Methods for Controlling Accuracy of Prediction of Polymer Textile Materials Relaxation Processes

Issues of methodology and adequacy of mathematical modeling of polymer textile materials relaxation processes are examined. The developed integral criteria of confident prediction of polymer textile materials relaxation processes are based on minimization of integral functional convolution corresponding to a specific equation of state. The developed criteria of confident prediction of polymer textile materials relaxation processes can be introduced by their computerization.

Prediction of polymer textile materials relaxation process depends on several factors, such as accuracy of experimental data, adequacy of physical model, and optimum construction of the mathematical model. Higher experiment accuracy can be achieved by improving measuring devices and increasing the volume of tests to increase the representativeness of the experimental data [1].

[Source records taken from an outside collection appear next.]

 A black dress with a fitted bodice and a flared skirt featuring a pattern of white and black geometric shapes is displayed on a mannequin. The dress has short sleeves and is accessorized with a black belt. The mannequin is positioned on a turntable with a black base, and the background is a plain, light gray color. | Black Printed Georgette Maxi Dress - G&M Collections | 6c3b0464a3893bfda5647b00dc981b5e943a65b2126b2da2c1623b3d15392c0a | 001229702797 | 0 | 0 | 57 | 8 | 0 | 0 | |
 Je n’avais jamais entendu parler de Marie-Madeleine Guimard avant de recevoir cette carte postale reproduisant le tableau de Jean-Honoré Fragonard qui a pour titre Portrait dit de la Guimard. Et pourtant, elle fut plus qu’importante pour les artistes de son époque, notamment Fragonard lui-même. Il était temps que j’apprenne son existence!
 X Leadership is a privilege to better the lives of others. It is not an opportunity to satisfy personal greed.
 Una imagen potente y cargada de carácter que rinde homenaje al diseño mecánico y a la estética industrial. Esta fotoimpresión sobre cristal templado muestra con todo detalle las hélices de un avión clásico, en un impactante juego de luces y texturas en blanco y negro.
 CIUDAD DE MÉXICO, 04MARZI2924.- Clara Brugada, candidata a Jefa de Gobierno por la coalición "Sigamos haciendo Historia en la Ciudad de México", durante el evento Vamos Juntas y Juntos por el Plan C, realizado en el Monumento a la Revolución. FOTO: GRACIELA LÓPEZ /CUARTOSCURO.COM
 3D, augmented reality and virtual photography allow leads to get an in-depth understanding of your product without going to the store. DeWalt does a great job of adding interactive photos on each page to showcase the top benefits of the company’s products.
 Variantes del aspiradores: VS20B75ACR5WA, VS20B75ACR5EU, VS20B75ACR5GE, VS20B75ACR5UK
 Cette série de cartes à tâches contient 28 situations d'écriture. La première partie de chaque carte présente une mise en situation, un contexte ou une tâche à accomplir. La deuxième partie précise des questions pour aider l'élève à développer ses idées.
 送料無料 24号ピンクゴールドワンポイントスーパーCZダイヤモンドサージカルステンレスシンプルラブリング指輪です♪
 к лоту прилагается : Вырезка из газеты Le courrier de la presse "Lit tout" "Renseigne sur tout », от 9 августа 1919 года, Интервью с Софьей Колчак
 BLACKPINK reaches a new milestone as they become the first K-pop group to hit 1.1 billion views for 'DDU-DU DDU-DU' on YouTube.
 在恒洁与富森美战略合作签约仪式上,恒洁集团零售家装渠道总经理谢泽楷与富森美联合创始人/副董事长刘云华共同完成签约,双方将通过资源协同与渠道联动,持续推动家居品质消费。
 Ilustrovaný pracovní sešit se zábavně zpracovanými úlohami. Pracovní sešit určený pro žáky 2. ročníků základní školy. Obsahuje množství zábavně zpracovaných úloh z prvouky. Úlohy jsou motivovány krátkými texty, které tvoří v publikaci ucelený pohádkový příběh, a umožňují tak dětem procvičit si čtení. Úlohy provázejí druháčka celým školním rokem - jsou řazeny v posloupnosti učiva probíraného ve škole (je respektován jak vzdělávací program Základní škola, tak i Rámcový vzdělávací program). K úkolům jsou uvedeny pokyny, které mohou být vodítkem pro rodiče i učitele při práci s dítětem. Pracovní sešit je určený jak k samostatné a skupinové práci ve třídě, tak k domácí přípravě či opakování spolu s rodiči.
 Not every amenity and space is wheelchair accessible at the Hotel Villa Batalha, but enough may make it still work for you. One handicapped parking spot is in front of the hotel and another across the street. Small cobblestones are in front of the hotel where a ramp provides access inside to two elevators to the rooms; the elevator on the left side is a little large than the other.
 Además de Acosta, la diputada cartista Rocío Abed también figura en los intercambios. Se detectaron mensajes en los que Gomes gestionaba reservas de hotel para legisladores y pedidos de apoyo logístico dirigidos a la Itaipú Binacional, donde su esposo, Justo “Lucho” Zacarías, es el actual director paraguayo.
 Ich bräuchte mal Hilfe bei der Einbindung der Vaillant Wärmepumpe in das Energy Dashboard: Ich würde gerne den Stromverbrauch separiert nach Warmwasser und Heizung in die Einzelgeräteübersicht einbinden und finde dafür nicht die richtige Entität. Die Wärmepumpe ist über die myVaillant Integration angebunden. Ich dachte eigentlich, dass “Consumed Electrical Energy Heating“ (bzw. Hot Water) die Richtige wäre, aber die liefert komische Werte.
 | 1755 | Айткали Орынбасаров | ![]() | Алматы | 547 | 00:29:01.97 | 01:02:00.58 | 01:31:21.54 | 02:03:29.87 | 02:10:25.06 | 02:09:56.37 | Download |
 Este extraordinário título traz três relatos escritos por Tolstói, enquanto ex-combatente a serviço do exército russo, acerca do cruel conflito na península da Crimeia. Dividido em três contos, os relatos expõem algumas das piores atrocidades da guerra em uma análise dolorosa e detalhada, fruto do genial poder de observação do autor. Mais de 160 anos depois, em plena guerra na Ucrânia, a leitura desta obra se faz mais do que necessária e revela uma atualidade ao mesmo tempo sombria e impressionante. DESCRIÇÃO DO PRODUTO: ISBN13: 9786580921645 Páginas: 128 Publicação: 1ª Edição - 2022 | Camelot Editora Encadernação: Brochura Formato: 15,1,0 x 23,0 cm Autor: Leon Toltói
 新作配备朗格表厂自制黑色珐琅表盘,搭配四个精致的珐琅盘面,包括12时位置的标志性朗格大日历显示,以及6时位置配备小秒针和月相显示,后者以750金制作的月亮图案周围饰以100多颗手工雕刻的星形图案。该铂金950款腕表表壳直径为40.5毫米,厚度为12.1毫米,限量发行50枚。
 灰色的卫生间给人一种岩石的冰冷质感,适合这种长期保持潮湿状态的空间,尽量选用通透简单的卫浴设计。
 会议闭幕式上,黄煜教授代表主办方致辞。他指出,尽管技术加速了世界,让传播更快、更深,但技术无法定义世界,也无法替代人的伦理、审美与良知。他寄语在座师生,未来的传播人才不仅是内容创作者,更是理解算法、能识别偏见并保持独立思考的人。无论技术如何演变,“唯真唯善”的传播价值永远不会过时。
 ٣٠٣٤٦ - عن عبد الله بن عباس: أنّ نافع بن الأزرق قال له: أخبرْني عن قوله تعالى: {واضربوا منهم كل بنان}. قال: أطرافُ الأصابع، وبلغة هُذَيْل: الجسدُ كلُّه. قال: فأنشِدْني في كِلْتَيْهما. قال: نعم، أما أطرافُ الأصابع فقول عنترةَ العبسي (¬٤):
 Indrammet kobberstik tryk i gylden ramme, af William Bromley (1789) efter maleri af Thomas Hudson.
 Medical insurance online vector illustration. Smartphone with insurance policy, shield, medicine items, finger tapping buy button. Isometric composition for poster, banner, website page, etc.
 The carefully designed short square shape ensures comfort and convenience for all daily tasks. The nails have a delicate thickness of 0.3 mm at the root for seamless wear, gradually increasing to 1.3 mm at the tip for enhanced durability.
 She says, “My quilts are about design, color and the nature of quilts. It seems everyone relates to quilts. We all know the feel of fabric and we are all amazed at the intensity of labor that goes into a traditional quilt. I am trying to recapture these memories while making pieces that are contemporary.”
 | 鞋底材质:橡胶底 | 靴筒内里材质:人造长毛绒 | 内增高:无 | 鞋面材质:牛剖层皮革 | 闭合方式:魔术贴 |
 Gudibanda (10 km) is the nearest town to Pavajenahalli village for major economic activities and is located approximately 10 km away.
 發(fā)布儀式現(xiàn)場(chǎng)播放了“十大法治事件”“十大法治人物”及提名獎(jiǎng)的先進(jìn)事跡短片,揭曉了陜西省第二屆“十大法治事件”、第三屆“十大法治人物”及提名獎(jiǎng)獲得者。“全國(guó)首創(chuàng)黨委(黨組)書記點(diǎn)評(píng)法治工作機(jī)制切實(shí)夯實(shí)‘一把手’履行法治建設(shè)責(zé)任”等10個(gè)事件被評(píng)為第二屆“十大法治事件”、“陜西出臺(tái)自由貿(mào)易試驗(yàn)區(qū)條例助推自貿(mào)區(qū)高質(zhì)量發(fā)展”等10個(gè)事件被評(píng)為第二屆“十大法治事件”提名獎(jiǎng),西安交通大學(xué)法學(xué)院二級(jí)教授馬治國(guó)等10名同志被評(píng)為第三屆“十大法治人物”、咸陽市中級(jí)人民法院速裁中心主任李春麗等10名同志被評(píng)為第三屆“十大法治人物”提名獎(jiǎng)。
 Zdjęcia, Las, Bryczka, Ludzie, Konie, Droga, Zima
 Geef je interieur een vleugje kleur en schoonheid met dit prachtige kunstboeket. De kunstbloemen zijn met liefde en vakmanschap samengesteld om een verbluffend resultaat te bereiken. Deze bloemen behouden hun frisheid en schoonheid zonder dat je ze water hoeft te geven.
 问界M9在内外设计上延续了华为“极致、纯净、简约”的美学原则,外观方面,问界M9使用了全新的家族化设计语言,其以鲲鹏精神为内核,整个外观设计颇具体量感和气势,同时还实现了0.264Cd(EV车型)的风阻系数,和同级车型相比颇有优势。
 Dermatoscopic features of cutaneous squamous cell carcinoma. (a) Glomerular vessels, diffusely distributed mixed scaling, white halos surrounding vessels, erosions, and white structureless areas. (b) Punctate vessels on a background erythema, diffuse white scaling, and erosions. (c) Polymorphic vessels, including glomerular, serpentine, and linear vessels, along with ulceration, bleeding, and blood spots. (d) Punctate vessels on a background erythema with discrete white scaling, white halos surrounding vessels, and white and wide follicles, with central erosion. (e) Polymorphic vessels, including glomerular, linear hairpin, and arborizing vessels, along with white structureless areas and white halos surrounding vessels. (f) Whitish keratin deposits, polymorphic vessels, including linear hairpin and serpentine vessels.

For improving the physical model of relaxation processes it is necessary to combine study of samples of textile materials not only at the macrolevel, but also rheologically at the microlevel, which is associated with objective difficulties. An alternative of increase in accuracy of prediction of polymer textile materials relaxation processes is selection of an optimum mathematical model as a part of the referred physical model [2].

The physical approach based on the Aleksandrov-Gurevich’s idea of taking account of the activating influence of deformation on acceleration of relaxation processes is universally accepted in the theory of nonlinear hereditary relaxation of polymers [3].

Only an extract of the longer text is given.